→ **ACTIVITY**:
All of the data is to be written out again exactly, without the pictures.

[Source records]
···

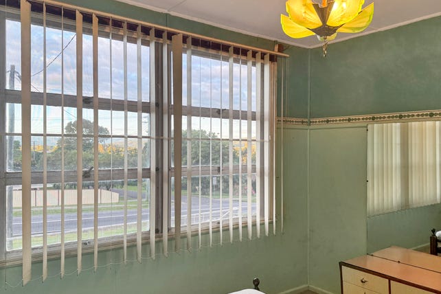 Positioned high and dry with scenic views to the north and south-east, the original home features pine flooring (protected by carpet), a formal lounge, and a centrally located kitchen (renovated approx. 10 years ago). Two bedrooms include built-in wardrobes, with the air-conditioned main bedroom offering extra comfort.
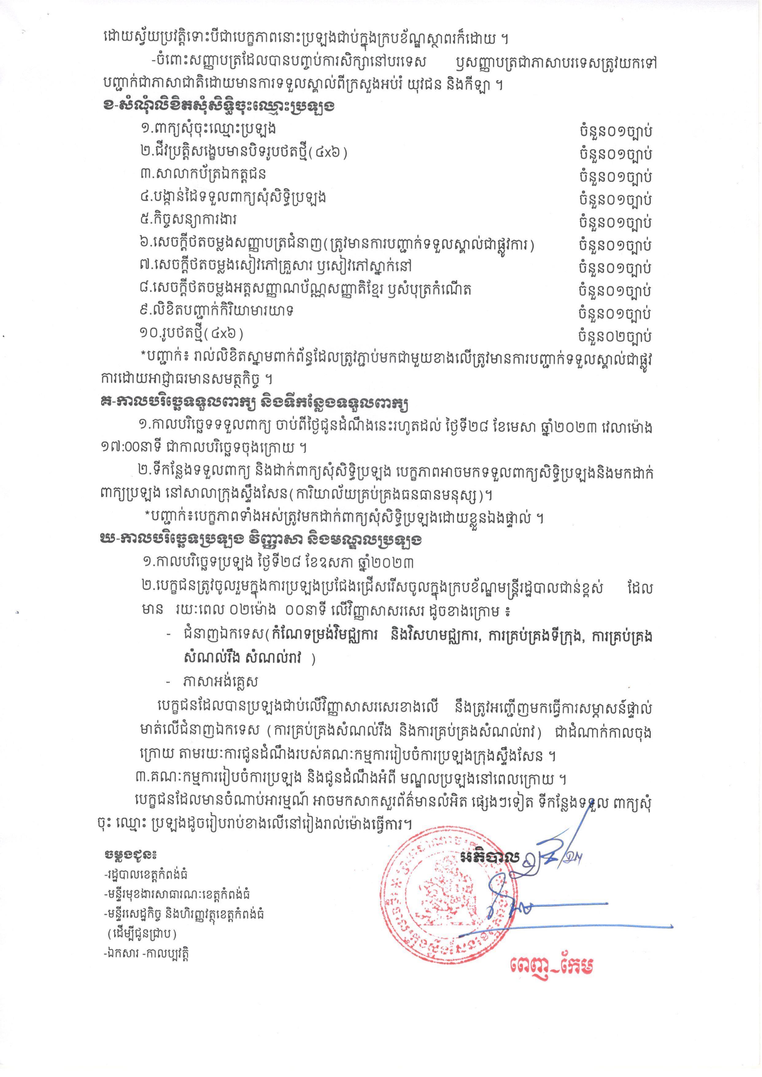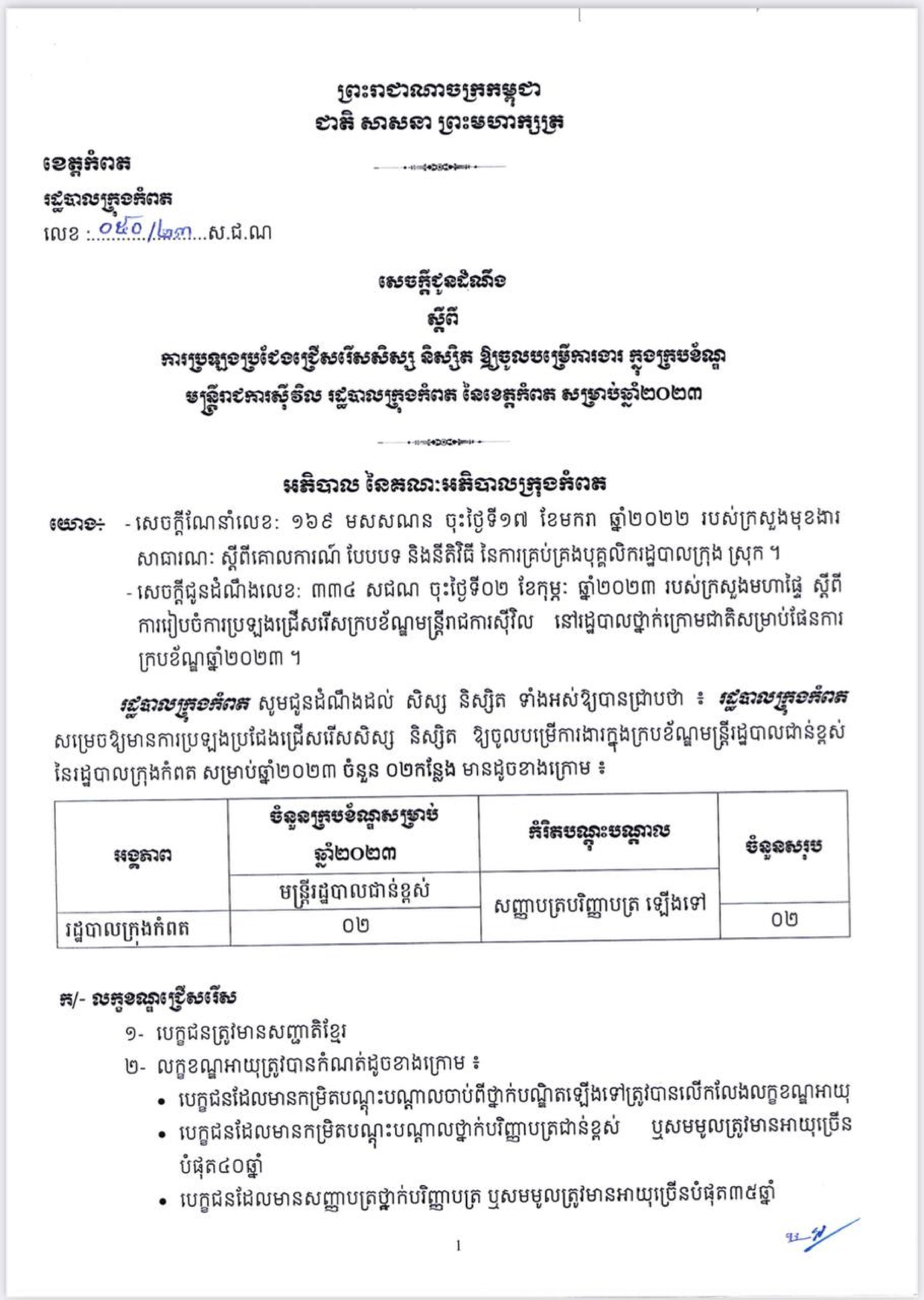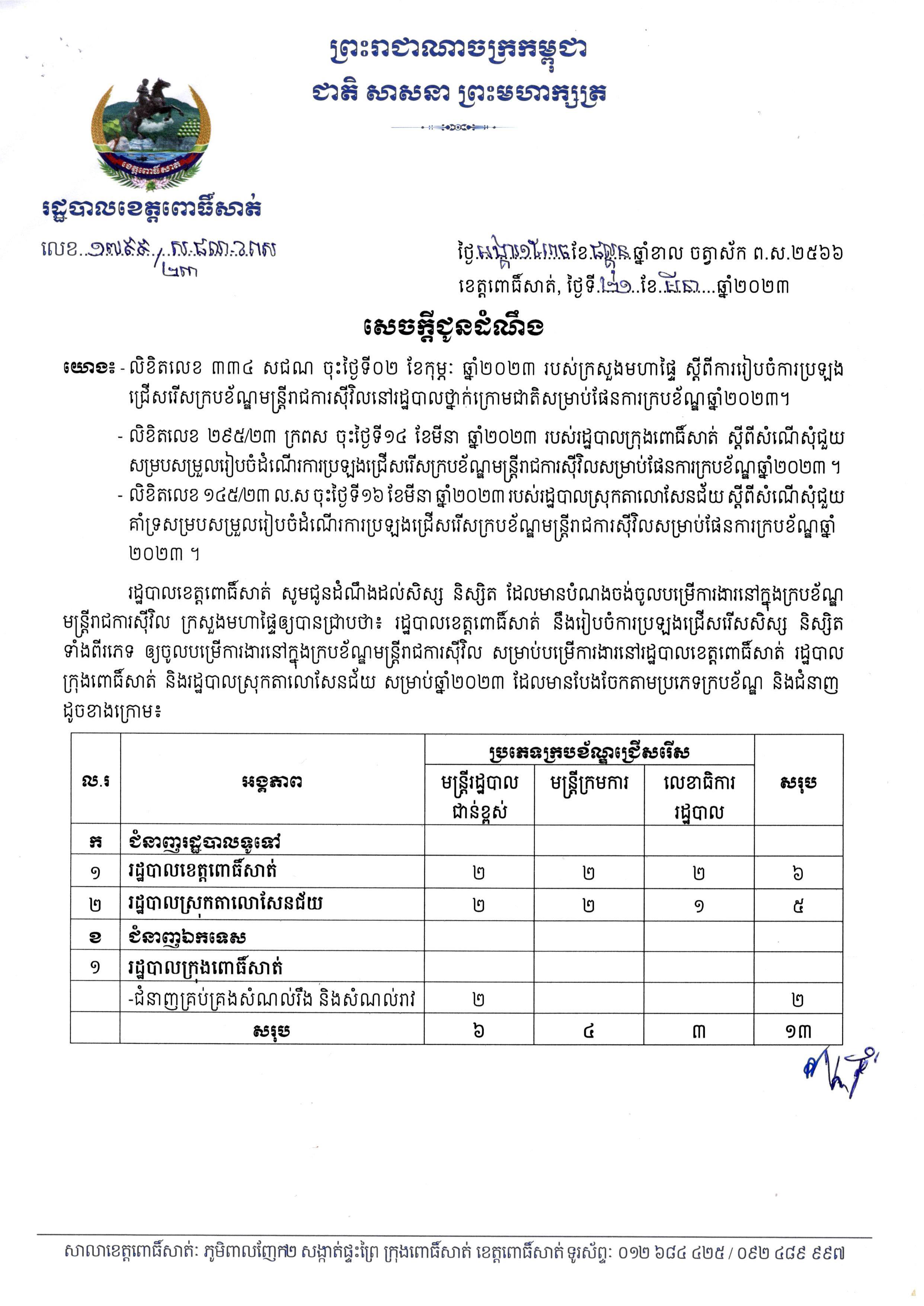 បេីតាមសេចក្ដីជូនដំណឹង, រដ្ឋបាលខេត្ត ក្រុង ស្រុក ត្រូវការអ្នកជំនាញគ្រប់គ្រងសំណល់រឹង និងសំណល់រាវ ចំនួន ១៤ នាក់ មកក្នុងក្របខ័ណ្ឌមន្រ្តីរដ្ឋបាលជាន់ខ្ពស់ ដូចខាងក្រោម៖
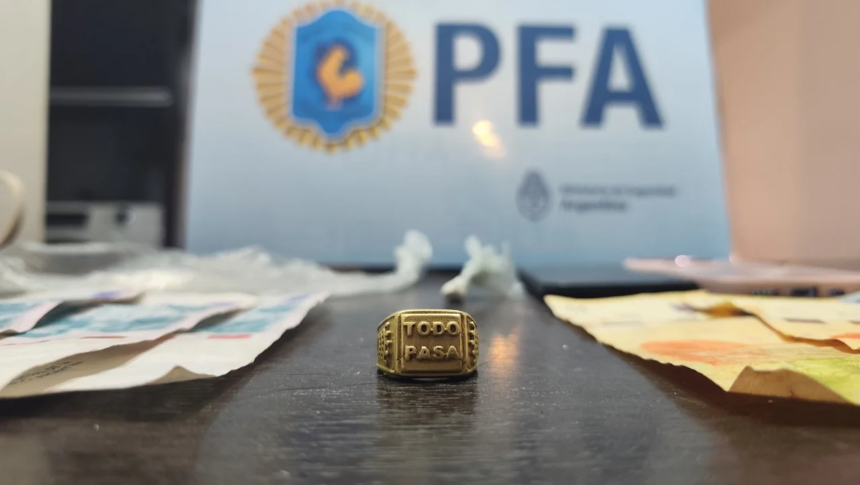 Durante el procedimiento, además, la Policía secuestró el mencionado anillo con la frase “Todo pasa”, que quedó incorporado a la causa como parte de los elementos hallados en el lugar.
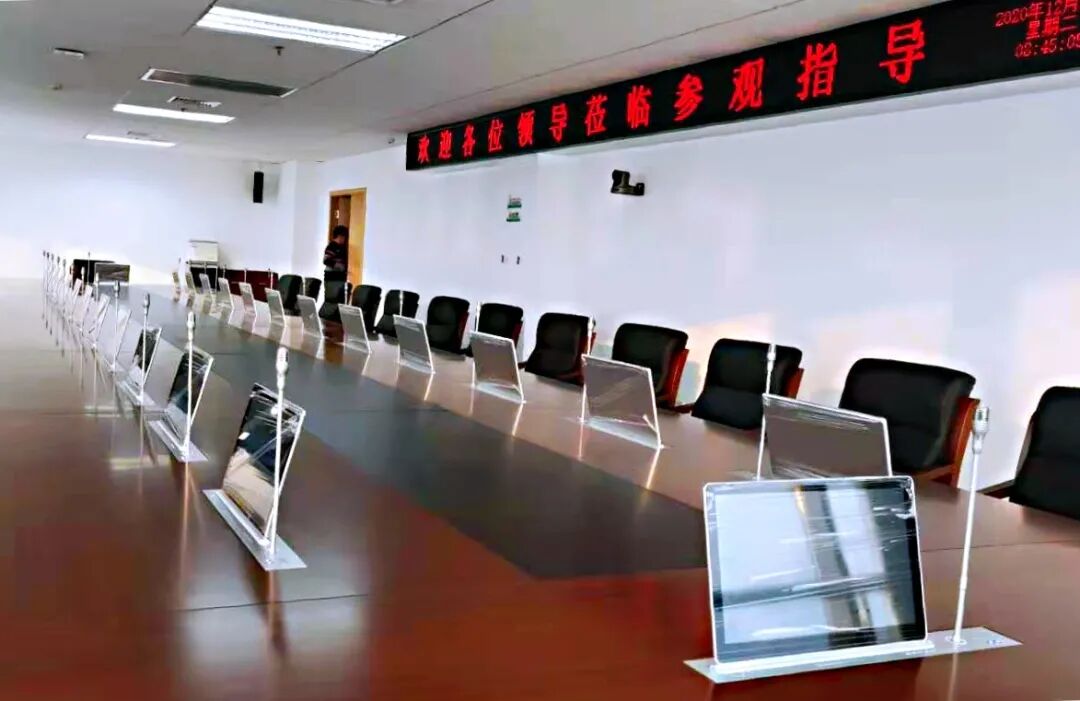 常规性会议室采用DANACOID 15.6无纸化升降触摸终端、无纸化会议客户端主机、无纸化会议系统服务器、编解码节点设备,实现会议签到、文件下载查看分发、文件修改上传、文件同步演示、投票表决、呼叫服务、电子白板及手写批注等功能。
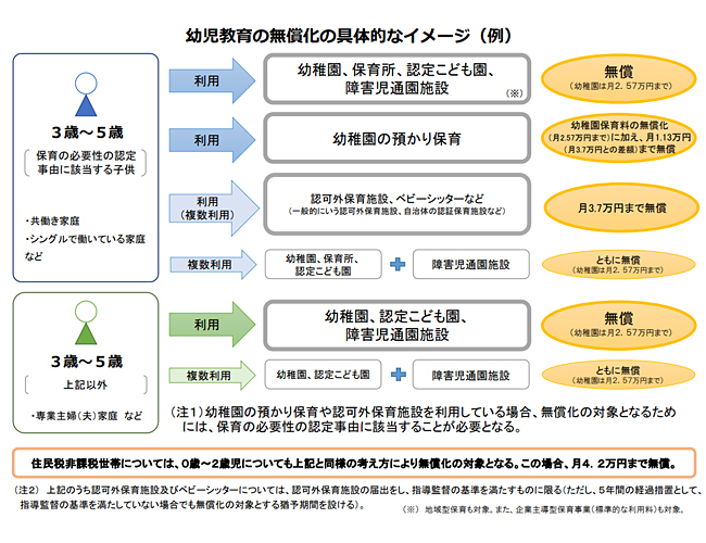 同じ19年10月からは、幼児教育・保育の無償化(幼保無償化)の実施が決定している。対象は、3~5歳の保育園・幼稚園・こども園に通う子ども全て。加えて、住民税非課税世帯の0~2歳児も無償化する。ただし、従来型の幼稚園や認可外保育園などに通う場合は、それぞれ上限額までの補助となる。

···

→ **RESPONSE BOX**:
 Positioned high and dry with scenic views to the north and south-east, the original home features pine flooring (protected by carpet), a formal lounge, and a centrally located kitchen (renovated approx. 10 years ago). Two bedrooms include built-in wardrobes, with the air-conditioned main bedroom offering extra comfort.
 បេីតាមសេចក្ដីជូនដំណឹង, រដ្ឋបាលខេត្ត ក្រុង ស្រុក ត្រូវការអ្នកជំនាញគ្រប់គ្រងសំណល់រឹង និងសំណល់រាវ ចំនួន ១៤ នាក់ មកក្នុងក្របខ័ណ្ឌមន្រ្តីរដ្ឋបាលជាន់ខ្ពស់ ដូចខាងក្រោម៖
 Durante el procedimiento, además, la Policía secuestró el mencionado anillo con la frase “Todo pasa”, que quedó incorporado a la causa como parte de los elementos hallados en el lugar.
 常规性会议室采用DANACOID 15.6无纸化升降触摸终端、无纸化会议客户端主机、无纸化会议系统服务器、编解码节点设备,实现会议签到、文件下载查看分发、文件修改上传、文件同步演示、投票表决、呼叫服务、电子白板及手写批注等功能。
 同じ19年10月からは、幼児教育・保育の無償化(幼保無償化)の実施が決定している。対象は、3~5歳の保育園・幼稚園・こども園に通う子ども全て。加えて、住民税非課税世帯の0~2歳児も無償化する。ただし、従来型の幼稚園や認可外保育園などに通う場合は、それぞれ上限額までの補助となる。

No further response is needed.